Home > math education, rant > Happiest being sad

Happiest being sad

July 23, 2011

I’m done with math camp, and I am stopping off in Harvard Square on the way home to New York. I collected my two older sons from their first stint at overnight camp yesterday evening, a two-week middle-of-the-woods experience complete with a cold lake, dirty socks and sticky bunk beds. They were actually happy to see me, I could tell by the way they let me hug them in front of other people. I cried when I realized they had each grown two inches.

The past few days have been incredibly emotional. Somehow I started to pine for the program and for the students at the program before it had ended, and now I seem to miss my kids even though I have them back. I’m a mess of yearning, for a million things at once, and it seems like I’ve set myself up for this.

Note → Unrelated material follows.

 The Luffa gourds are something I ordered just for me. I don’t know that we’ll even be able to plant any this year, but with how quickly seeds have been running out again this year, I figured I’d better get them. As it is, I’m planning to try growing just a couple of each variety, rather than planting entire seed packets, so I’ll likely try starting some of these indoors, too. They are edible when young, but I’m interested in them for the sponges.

Of course when I think about it I absolutely have, and I guess the only real question is why I’m surprised. I keep falling in love with people and experiences that often even love me back, and even though I’m an experienced piner it doesn’t get any less painful. And yet it seems like the only alternative, if it is a choice I could even make, would be to close myself off from that openness and compassion and live in a careless void. That is certainly more terrifying to me than the safety of wistful suffering.

My friend Moon came to the program a couple of nights ago and gave a kick-ass talk to the students about the Banach-Tarski paradox. She stuck around that night for dinner and asked the program director, who has been doing this for 40 years, whether I had ever been shy. The director said, “No, Cathy was never shy, but she was memorable for the fact that she always said the same thing whenever someone started a conversation with her.” I had no idea what that could have been, and to tell you the truth I was a little worried what he’d say. So Moon asked, and he said the phrase was, “I love math!” It brought back a clear memory of the passion I had then and still have, and hopefully will always have. I am happy to be this sad.

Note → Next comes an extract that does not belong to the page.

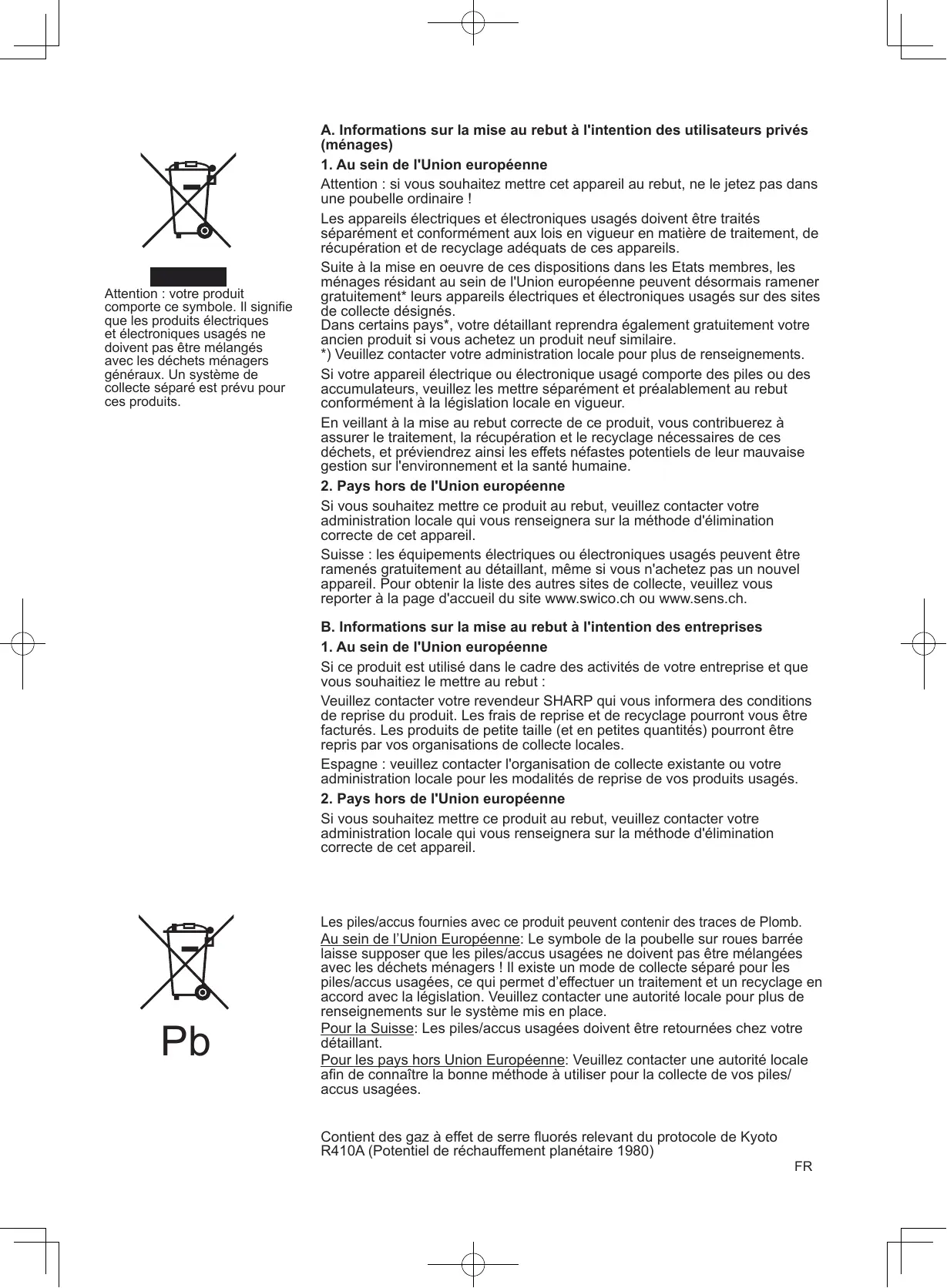 Les piles/accus fournies avec ce produit peuvent contenir des traces de Plomb. Au sein de l’Union Européenne: Le symbole de la poubelle sur roues barrée laisse supposer que les piles/accus usagées ne doivent pas être mélangées avec les déchets ménagers ! Il existe un mode de collecte séparé pour les piles/accus usagées, ce qui permet d’effectuer un traitement et un recyclage en accord avec la législation. Veuillez contacter une autorité locale pour plus de renseignements sur le système mis en place. Pour la Suisse: Les piles/accus usagées doivent être retournées chez votre détaillant. Pour les pays hors Union Européenne: Veuillez contacter une autorité locale afin de connaître la bonne méthode à utiliser pour la collecte de vos piles/ accus usagées. Contient des gaz à effet de serre fluorés relevant du protocole de Kyoto R410A (Potentiel de réchauffement planétaire 1980)

Categories: math education, rant
  1. karen
    July 23, 2011 at 9:27 pm

    Your heart is pure, and nothing could be more rare or beautiful.

    Like

  2. July 25, 2011 at 7:01 am

    I met Moon on her later visit to SPMPS (http://spmps.weebly.com/) at Bard. Very sweet person, and I’m excited that she’ll be at Tufts.

    Cathy, it’s wonderful that you served the program as senior staff. It’s natural that it’s emotional, and It’s definitely an emotional experience for the students as well!

    Like

  3. joelibacsi
    August 7, 2011 at 2:23 pm

    fabulous. the experiences last a lifetime for mathbabe and also for the new generation
    who are so fortunate to have her.